Copy the records below in full, keeping each word as it is but omitting the pictures.

(Dataset entries)
= = = =
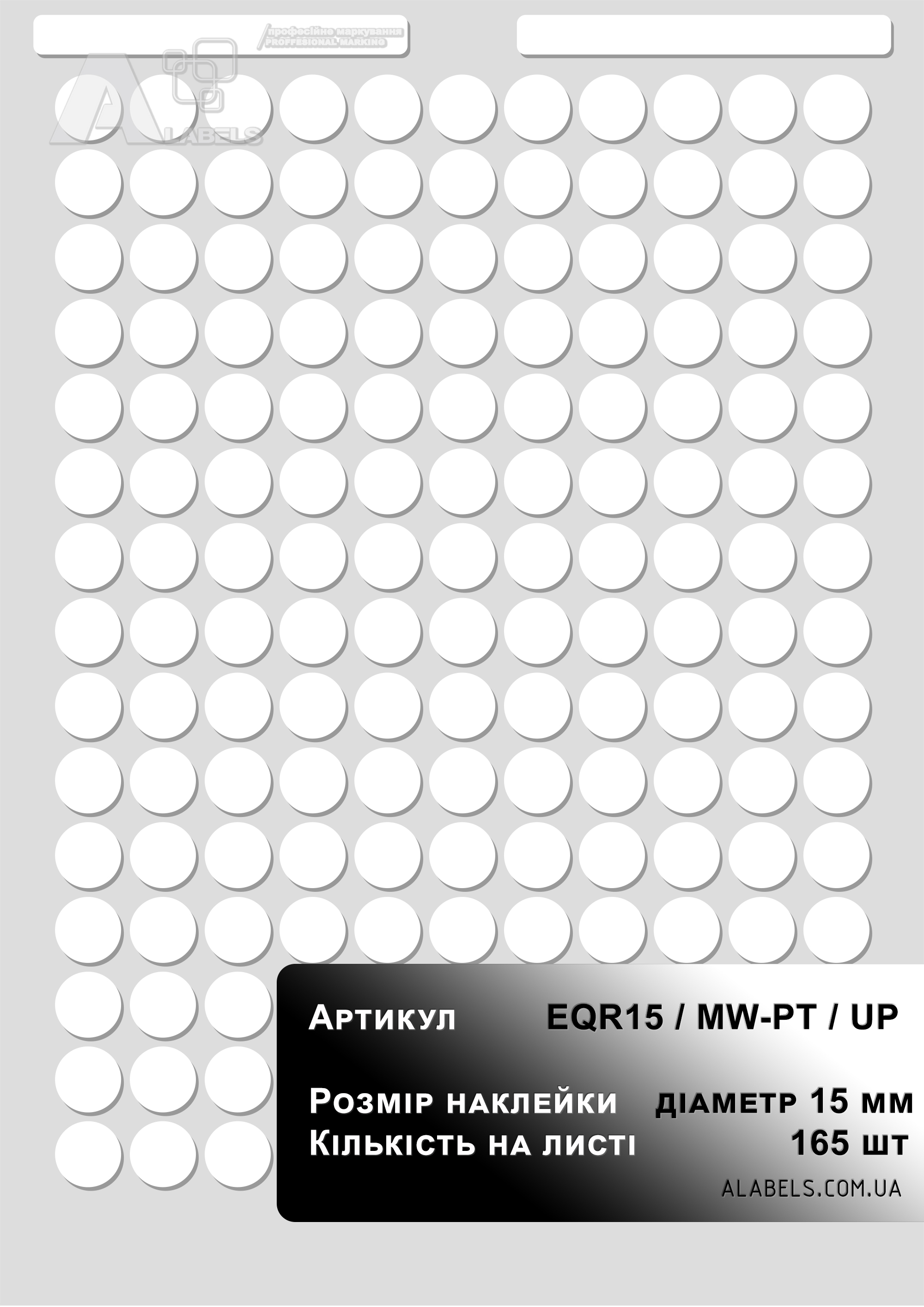 Размеры(в x д): 15мм x 15мм Область для надписи 0мм x 0мм Формат листа: Количество на листе 80 Материал: Винил Форма: Круг Цвет фона: Цвет надписи: -
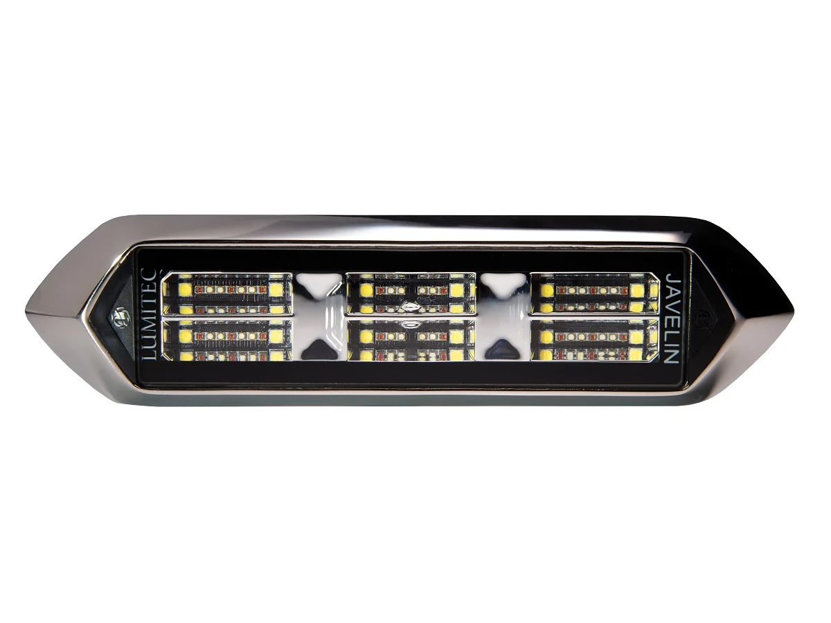 Style and performance unite to create the all-new Javelin Underwater Light Series from Lumitec. Designed for high performance boats the Javelin Underwater Light boasts a highly polished housing and a contemporary stylish rectangular design. Leveraging the same “smart light” technology found in our market-leading SeaBlazeX2 series – Javelin offers the same high performance, full-color RGBW output, simple surface mount installation and the ease of operation only found in Lumitec products. Ideal for fresh water boats of all sizes but durable enough for saltwater applications.
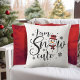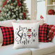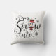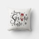 Esta travesseiro divertida e festiva mostra as palavras "Eu sou Snow Cute" em uma escrita decorativa preta com um bonitinho bonitinho bonitinho vestindo um búfalo vermelho e preto com chapéu de cima e cachecol.
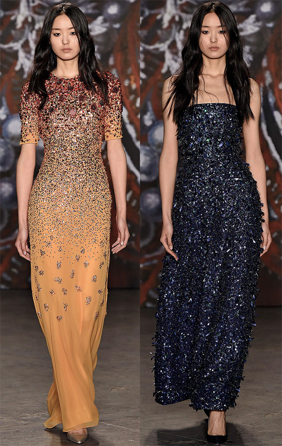 Ensuite, vous pouvez énumérer et énumérer différentes options pour les robes, mais il est préférable de regarder des photos et plus de vidéos de spectacles de collection, car les photos transmettent une petite partie de la beauté de ces robes à paillettes et strass, qui ont l'air vraiment festives et luxueuses .
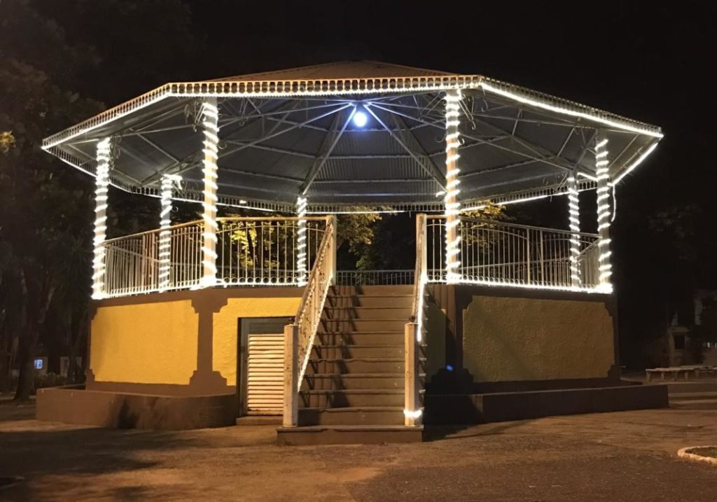 O coreto da praça Abel de Freitas, no Jd. Paraíso, ganha iluminação de Natal. Vale a pena visitar e apreciar o local encantador.
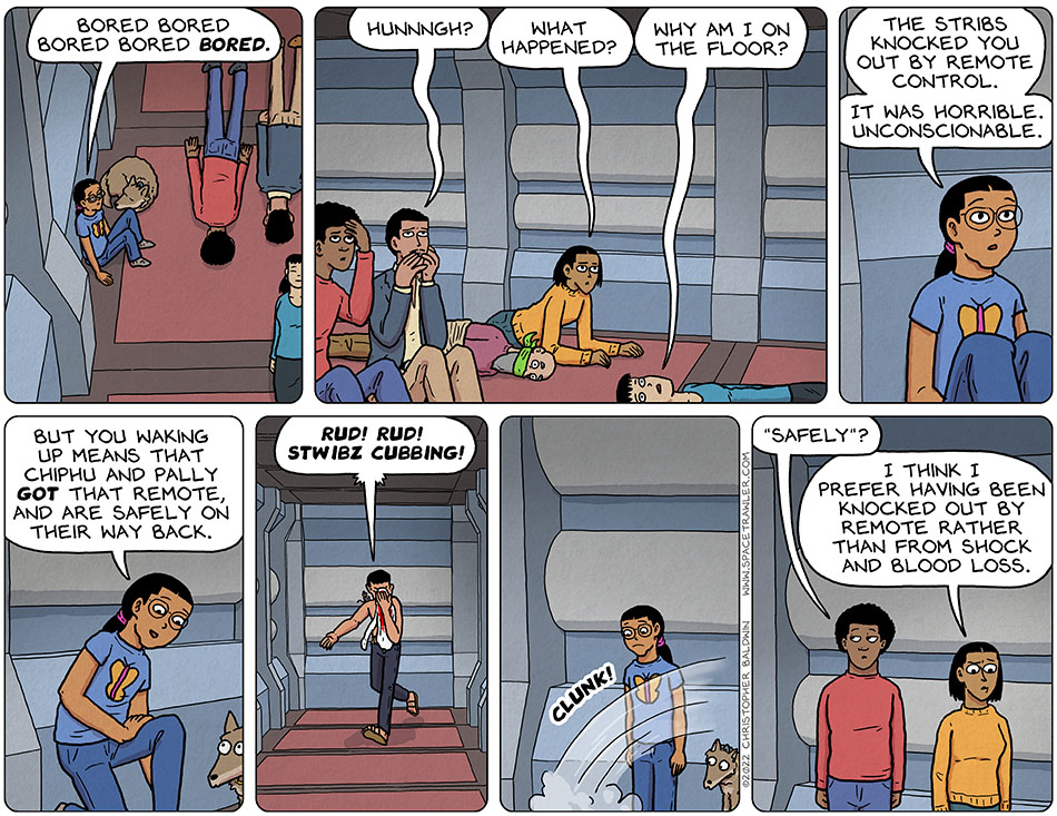 12/14/22 – Methods of Knocking Out Spacetrawler, audio version For the blind or visually impaired, December 14, 2022. https://www.baldwinpage.com/spacetrawler/wp-content/uploads/sites/15/2022/12/2022-12-14-spacetrawler3.mp3 Previous | Next 1st Series | 2nd Series | 3rd Series | First Strip Current Series | Archive | Most Recent Previous | Next 1st Series | 2nd Series | 3rd Series | First Strip Current Series | Archive | Most Recent Getting the band back together. 🙂 First Strip First Series | First Strip Second Series | First Strip Current Series| Archive | Most Recent 12/12/22 – Gestures of Caring 12/16/22 – Avoiding Coordination 7 Comments Efogoto December 14, 2022 at 1:33 am 3 years ago Now I know why Stangor and Aitana get along so well. They are members of the bored. Coyoty December 14, 2022 at 1:39 am 3 years ago Why are you all standing around?! Rud! The Stwibz are cubbing! KQY61 December 14, 2022 at 6:54 am 3 years ago Hi, Someone needs a band aid dispenser which says Blood! on it…. Dr. Moosen McMoose, Chief Spymooster of the Moosad December 14, 2022 at 6:20 pm 3 years ago “Why am I on the floor?” You’re about to walk the dinosaur. Night-Gaunt December 14, 2022 at 11:39 pm 3 years ago What happened? Have you answered that before? What happened? I feel like a looped tape. Efogoto December 15, 2022 at 1:13 am 3 years ago Mouse count: 0-0-0-0-1-0-0 minando December 17, 2022 at 6:51 am 3 years ago Strangely, in the language of Beta Minor 5 this translates as ‘Wait! Wait! The ice cream truck is coming!’. Leave a Reply Cancel reply Your email address will not be published. Required fields are marked *CommentName* Email* Website Notify me of follow-up comments by email. Notify me of new posts by email.
= = = =
• Exercise answer:
 Размеры(в x д): 15мм x 15мм Область для надписи 0мм x 0мм Формат листа: Количество на листе 80 Материал: Винил Форма: Круг Цвет фона: Цвет надписи: -
 Style and performance unite to create the all-new Javelin Underwater Light Series from Lumitec. Designed for high performance boats the Javelin Underwater Light boasts a highly polished housing and a contemporary stylish rectangular design. Leveraging the same “smart light” technology found in our market-leading SeaBlazeX2 series – Javelin offers the same high performance, full-color RGBW output, simple surface mount installation and the ease of operation only found in Lumitec products. Ideal for fresh water boats of all sizes but durable enough for saltwater applications.
 Esta travesseiro divertida e festiva mostra as palavras "Eu sou Snow Cute" em uma escrita decorativa preta com um bonitinho bonitinho bonitinho vestindo um búfalo vermelho e preto com chapéu de cima e cachecol.
 Ensuite, vous pouvez énumérer et énumérer différentes options pour les robes, mais il est préférable de regarder des photos et plus de vidéos de spectacles de collection, car les photos transmettent une petite partie de la beauté de ces robes à paillettes et strass, qui ont l'air vraiment festives et luxueuses .
 O coreto da praça Abel de Freitas, no Jd. Paraíso, ganha iluminação de Natal. Vale a pena visitar e apreciar o local encantador.
 12/14/22 – Methods of Knocking Out Spacetrawler, audio version For the blind or visually impaired, December 14, 2022. https://www.baldwinpage.com/spacetrawler/wp-content/uploads/sites/15/2022/12/2022-12-14-spacetrawler3.mp3 Previous | Next 1st Series | 2nd Series | 3rd Series | First Strip Current Series | Archive | Most Recent Previous | Next 1st Series | 2nd Series | 3rd Series | First Strip Current Series | Archive | Most Recent Getting the band back together. 🙂 First Strip First Series | First Strip Second Series | First Strip Current Series| Archive | Most Recent 12/12/22 – Gestures of Caring 12/16/22 – Avoiding Coordination 7 Comments Efogoto December 14, 2022 at 1:33 am 3 years ago Now I know why Stangor and Aitana get along so well. They are members of the bored. Coyoty December 14, 2022 at 1:39 am 3 years ago Why are you all standing around?! Rud! The Stwibz are cubbing! KQY61 December 14, 2022 at 6:54 am 3 years ago Hi, Someone needs a band aid dispenser which says Blood! on it…. Dr. Moosen McMoose, Chief Spymooster of the Moosad December 14, 2022 at 6:20 pm 3 years ago “Why am I on the floor?” You’re about to walk the dinosaur. Night-Gaunt December 14, 2022 at 11:39 pm 3 years ago What happened? Have you answered that before? What happened? I feel like a looped tape. Efogoto December 15, 2022 at 1:13 am 3 years ago Mouse count: 0-0-0-0-1-0-0 minando December 17, 2022 at 6:51 am 3 years ago Strangely, in the language of Beta Minor 5 this translates as ‘Wait! Wait! The ice cream truck is coming!’. Leave a Reply Cancel reply Your email address will not be published. Required fields are marked *CommentName* Email* Website Notify me of follow-up comments by email. Notify me of new posts by email.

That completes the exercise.